Джозеф смотрит на меня поверх стакана.
— Вы начинаете мне верить, — говорит он.
Что я должна ответить? Слушая, как Джозеф рассказывает о своем детстве, о гитлерюгенде с такими подробностями, которые может знать только тот, кто это пережил, — да, я начинаю верить в то, что он говорит правду. Но мне почему-то не по себе слушать, как Джозеф, которого знает и так любит этот город, рассказывает о времени, когда он был совершенно другим человеком. Только представьте, что мать Тереза призналась бы, что в детстве сжигала на костре кошек!
— Удобно, не правда ли, списывать причины своих ужасных поступков на приказы других? — говорю я. — Вина от этого меньше не становится. Сколько бы человек ни кричали, чтобы ты прыгал с моста, всегда можно развернуться и уйти.
— Почему я не отказался? — задумчиво произносит Джозеф. — Почему не отказались многие из нас? Потому что нам так отчаянно хотелось верить в то, что говорил Гитлер.
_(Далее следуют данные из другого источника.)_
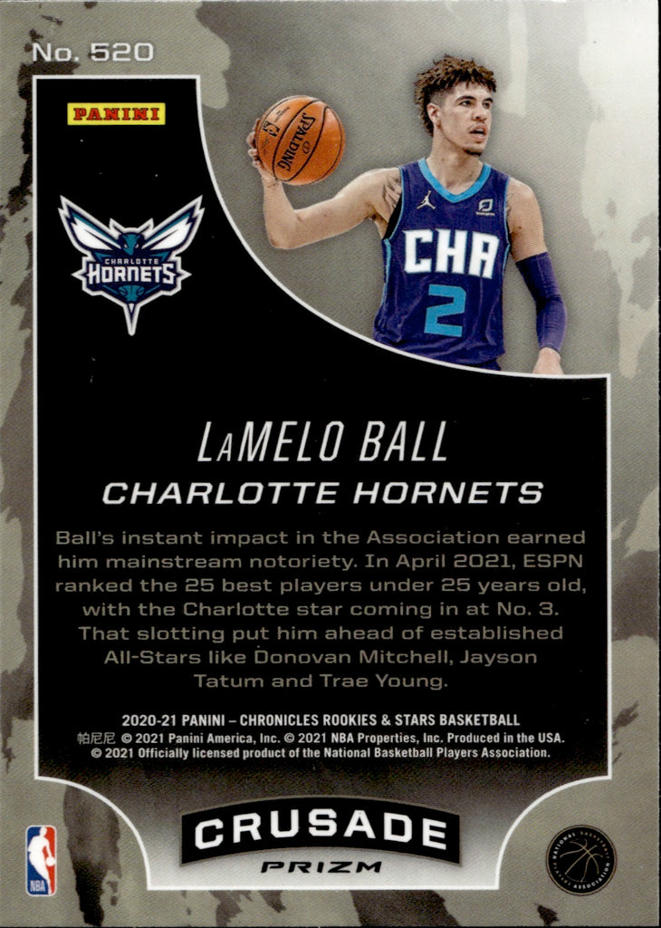 2020-21 LaMelo Ball Panini Chronicles ROOKIES & STARS HOLO SILVER CRUSADE ROOKIE RC #520 Charlotte Hornets
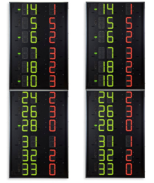 Coppia guanciale laterali FS-412D con visualizzazione nr di maglia di 12 giocatori (programmabili), falli personali in cifre, dimensione di ciascun guanciale cm 80×240
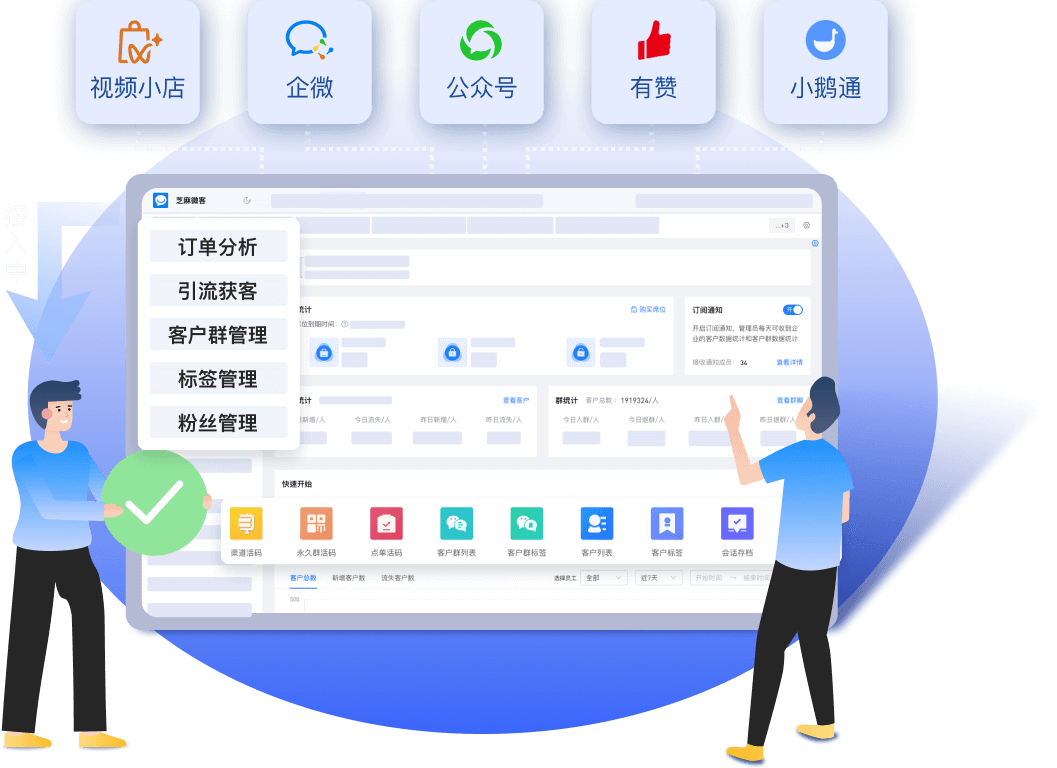 芝麻提供从引流获客、咨询接待、跟进转化、私域运营、数据洞察的全业务闭环服务

Верить, что наше будущее гораздо лучше настоящего.
— Если только у вас вообще есть это будущее, — бормочу я. — Мне известно о шести миллионах людей, у которых его не стало.
Я чувствую, как у меня при виде Джозефа, который спокойно сидит в своем кресле и пьет воду, как будто и не начинал рассказывать историю о невероятных ужасах, все внутри переворачивается. Как человек может быть таким жестоким к другим? И не душат же его слезы, не мучают кошмары, не трясет от ужаса содеянного!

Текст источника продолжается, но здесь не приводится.